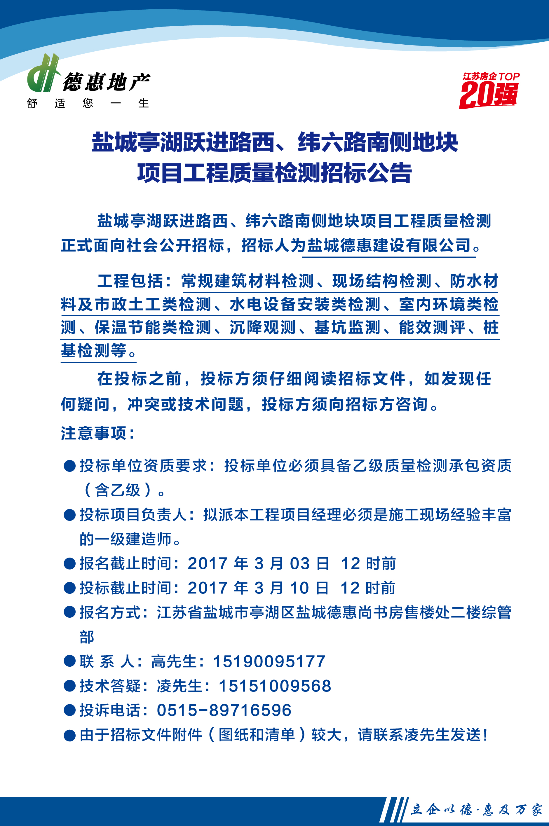 鹽城德惠尚書房西區(qū)電梯隔音墻工程招標公告
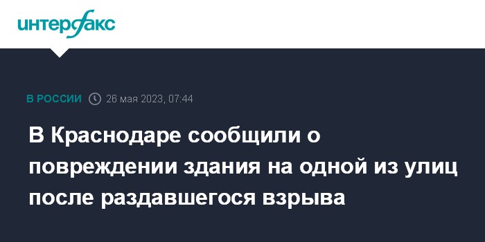 Москва. 26 мая. INTERFAX.RU - Оперштаб Краснодарского края в пятницу сообщил о взрыве, который был слышен в районе здания по улице Морской в Краснодаре.
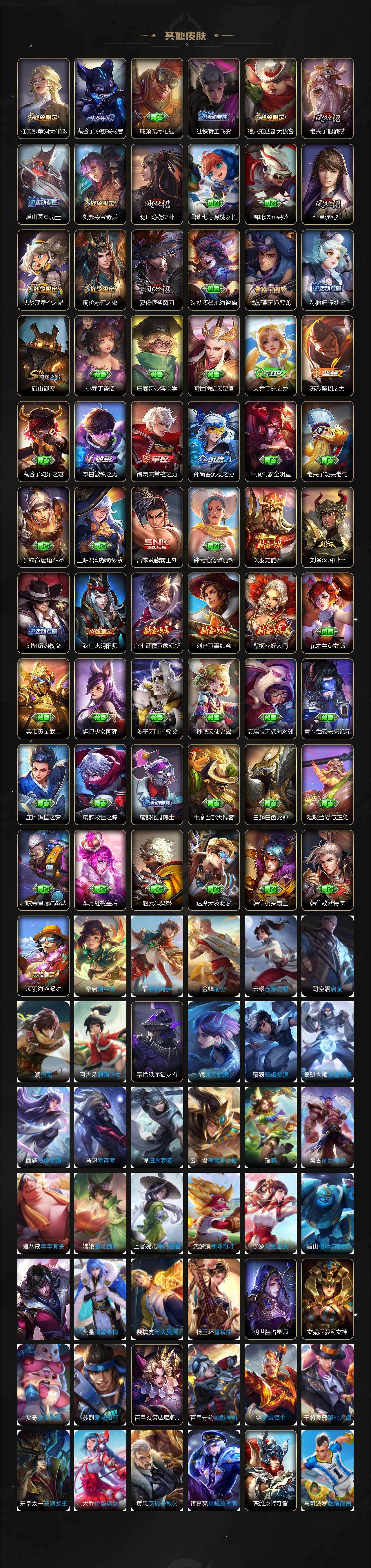 【限定皮肤】:姜子牙天穹之誓,狄仁杰阴阳师,赵云皇家上将,墨子神迹守卫,孙尚香蔷薇恋人,庄周高山流水,高渐离玩

————

**PROBLEM STATEMENT:**
Transcribe the listing exactly. Its images are to be omitted.

**RESULT BELOW:**
 鹽城德惠尚書房西區(qū)電梯隔音墻工程招標公告
 Москва. 26 мая. INTERFAX.RU - Оперштаб Краснодарского края в пятницу сообщил о взрыве, который был слышен в районе здания по улице Морской в Краснодаре.
 【限定皮肤】:姜子牙天穹之誓,狄仁杰阴阳师,赵云皇家上将,墨子神迹守卫,孙尚香蔷薇恋人,庄周高山流水,高渐离玩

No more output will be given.